Description Michael J. Kidd 2021-12-08 19:38:12 UTC
Description of problem:
Ceph MDS repeatedly crashing with:
Dec 08 14:11:45 cephmds1 conmon[3431]: debug     -1> 2021-12-08T13:11:45.526+0000 7f08eb0aa700 -1 /builddir/build/BUILD/ceph-16.2.0/src/include/cephfs/metrics/Types.h: In function 'std::ostream& operator<<(std::ostream&, const ClientMetricType&)' thread 7f08eb0aa700 time 2021-12-08T13:11:45.526200+0000
Dec 08 14:11:45 cephmds1 conmon[3431]: /builddir/build/BUILD/ceph-16.2.0/src/include/cephfs/metrics/Types.h: 56: ceph_abort_msg("abort() called")
Dec 08 14:11:45 cephmds1 conmon[3431]: 
Dec 08 14:11:45 cephmds1 conmon[3431]:  ceph version 16.2.0-117.el8cp (0e34bb74700060ebfaa22d99b7d2cdc037b28a57) pacific (stable)
Dec 08 14:11:45 cephmds1 conmon[3431]:  1: (ceph::__ceph_abort(char const*, int, char const*, std::__cxx11::basic_string<char, std::char_traits<char>, std::allocator<char> > const&)+0xe5) [0x7f08f3d15cd4]
Dec 08 14:11:45 cephmds1 conmon[3431]:  2: (operator<<(std::ostream&, ClientMetricType const&)+0x10e) [0x7f08f3f9a2ce]
Dec 08 14:11:45 cephmds1 conmon[3431]:  3: (MClientMetrics::print(std::ostream&) const+0x1a1) [0x7f08f3f9a4a1]
Dec 08 14:11:45 cephmds1 conmon[3431]:  4: (DispatchQueue::entry()+0x1be2) [0x7f08f3f50312]
Dec 08 14:11:45 cephmds1 conmon[3431]:  5: (DispatchQueue::DispatchThread::entry()+0x11) [0x7f08f3fff9b1]
Dec 08 14:11:45 cephmds1 conmon[3431]:  6: /lib64/libpthread.so.0(+0x814a) [0x7f08f2ab714a]
Dec 08 14:11:45 cephmds1 conmon[3431]:  7: clone()

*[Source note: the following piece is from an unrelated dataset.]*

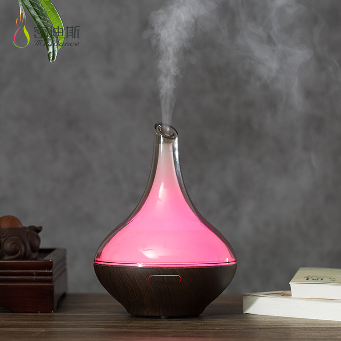 Glass Essential Oil Diffuser with Wood Grain Base, 280ml Aromatherapy ...

Version-Release number of selected component (if applicable):
RHCS 5.0

How reproducible:
100% for this env

Actual results:
Ceph MDS crashes repeatedly

Expected results:
Ceph MDS not to crash

Additional info:
Appears to be fixed via upstream:
# Tracker:
  https://tracker.ceph.com/issues/50822
# PR:
  https://github.com/ceph/ceph/pull/41596

Comment 4 Patrick Donnelly 2021-12-09 16:43:10 UTC
*** Bug 2029832 has been marked as a duplicate of this bug. ***

Comment 8 Patrick Donnelly 2021-12-16 19:27:57 UTC
*** Bug 2033172 has been marked as a duplicate of this bug. ***

Comment 19 errata-xmlrpc 2022-02-08 13:01:20 UTC
Since the problem described in this bug report should be
resolved in a recent advisory, it has been closed with a
resolution of ERRATA.

For information on the advisory (Red Hat Ceph Storage 5.0 Bug Fix update), and where to find the updated
files, follow the link below.

If the solution does not work for you, open a new bug report.

https://access.redhat.com/errata/RHBA-2022:0466

Comment 20 Venky Shankar 2022-02-14 04:21:15 UTC
Clearing NI (nothing is pending afaics).